13 Responses to “Conversation over a half an hour cab drive”

  1. I liked this one A LOT! Almost like a short story, isn’t it? Cab drivers and hair dressers can be wonderful conversationalists. I’ve had several of such encounters myself, but I can’t think of any off the top my head. But I must confess, yours was rather unique! 🙂

  2. Hey this is a nice post ! a good read!

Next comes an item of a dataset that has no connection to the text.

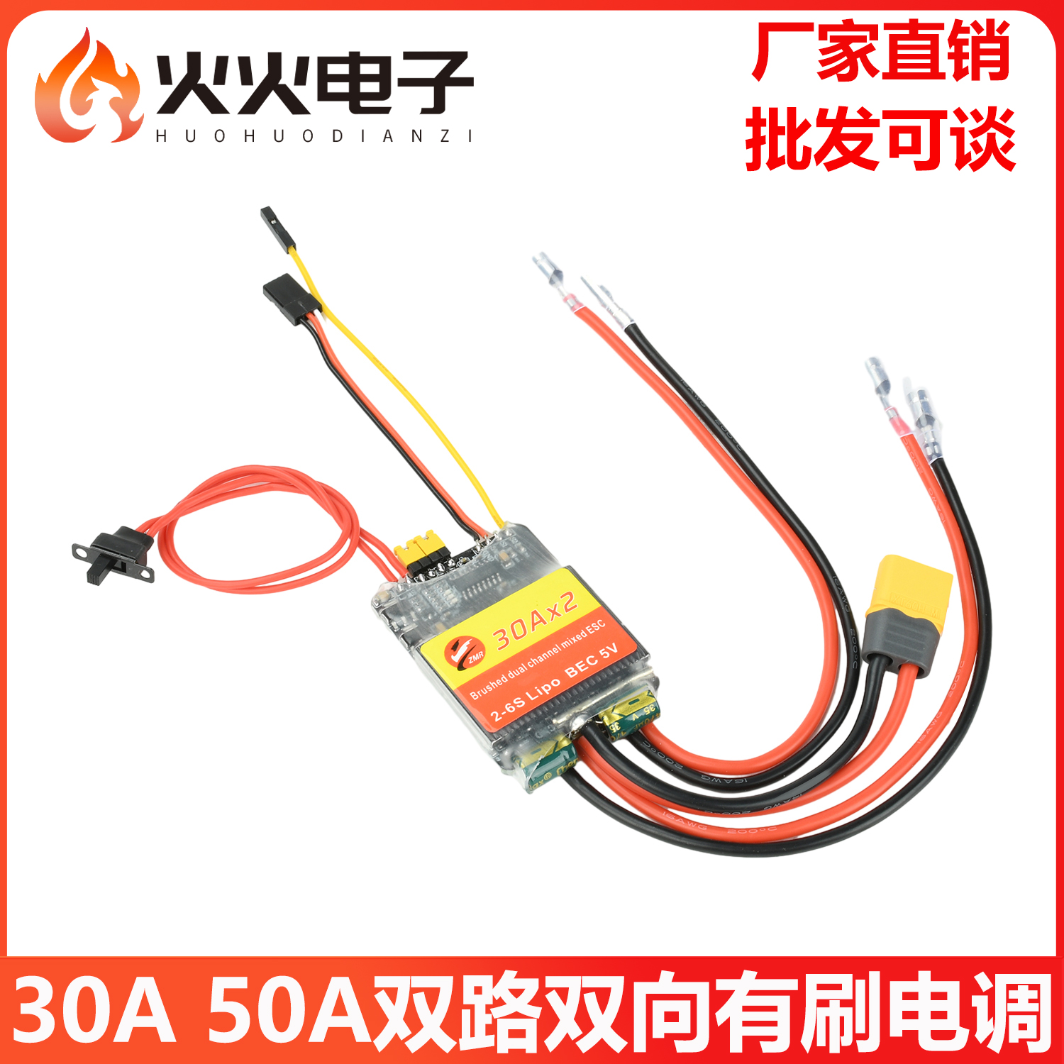 30A/50A双路双向有刷电调驱动器PWM信号适用于遥控车遥控船履带车

    Btw , “I asked closing my book and leaning forward so that I could hear him better. “

  3. one word – “WOW”!

  4. Oh wow, funny how this never happens in India 🙂 though. Nicely written tho 🙂

  5. The novella style of writing does poetic justice to the incident itself. Fantastico 🙂
    Your blog triggered a brain wave, I’ll soon be coming out with a post 😀

  6. This really happened? If so then wow… what a sweetheart of a cabdriver.. 🙂 and writen very well i must say 🙂

  7. hey.. first time on your blog.. a nice story indeed.. !!

  8. now life has one more thing to wait for….
    to meet such a cab driver!
    :-))))

  9. or i should change my career to a Cab driver???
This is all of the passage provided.